▸ **HOW TO COMPLETE THIS TASK**
Your task is to return, word for word, only the lines from the line with "Luxury Monk Strap" through the close of the data. Exclude all pictures.

▸ **MATERIAL PROVIDED**
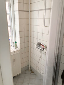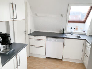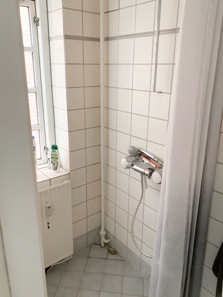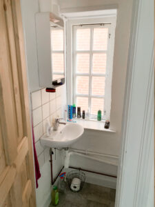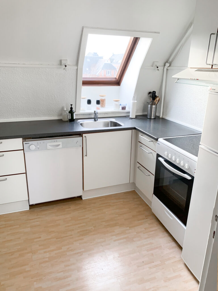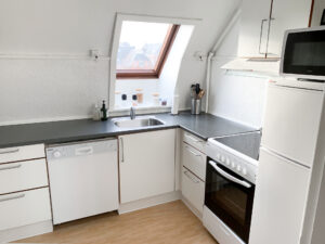 Køkkenet med gode skabe til opbevaring og de skrå vinduer giver rummet lidt ekstra charme, her findes naturligvis også opvaskemaskine, komfur, emhætte, køleskab og direkte adgang til bagtrappen, som leder ned til kælderen, hvor der findes vaskemaskine og fint kælderrum til opbevaring.
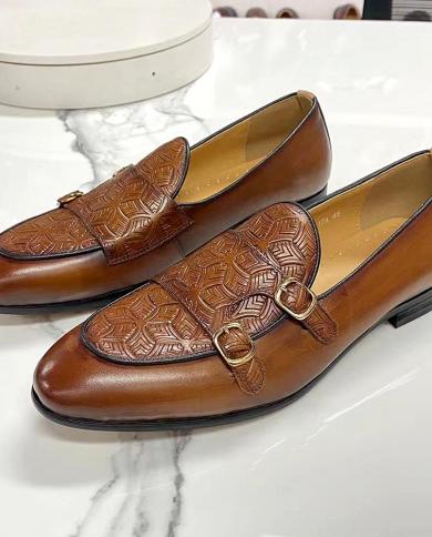 Luxury Monk Strap Shoes Men Monk Shoes Man Brown
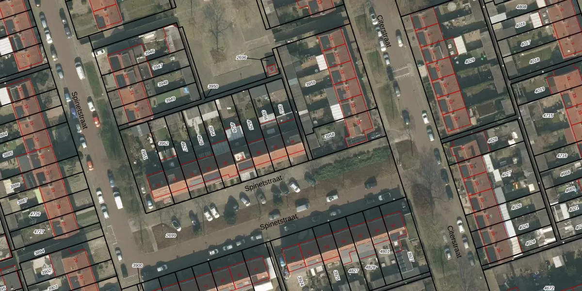Gebruik de zoekbalk of klik op een perceel voor informatie over de adressen binnen dit perceel.
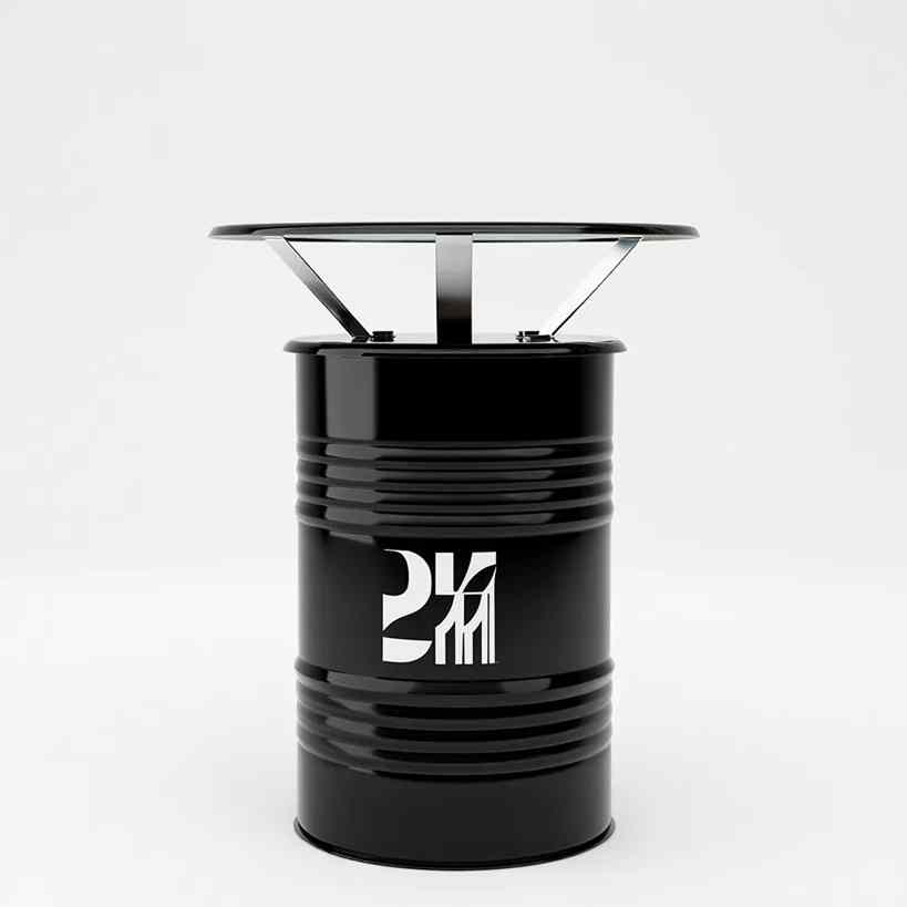 Le baril est en acier peint haute résistance, traité avec une peinture thermolaquée disponible en finition mate, satinée ou brillante.

▸ **RESPONSE**
 Luxury Monk Strap Shoes Men Monk Shoes Man Brown
Gebruik de zoekbalk of klik op een perceel voor informatie over de adressen binnen dit perceel.
 Le baril est en acier peint haute résistance, traité avec une peinture thermolaquée disponible en finition mate, satinée ou brillante.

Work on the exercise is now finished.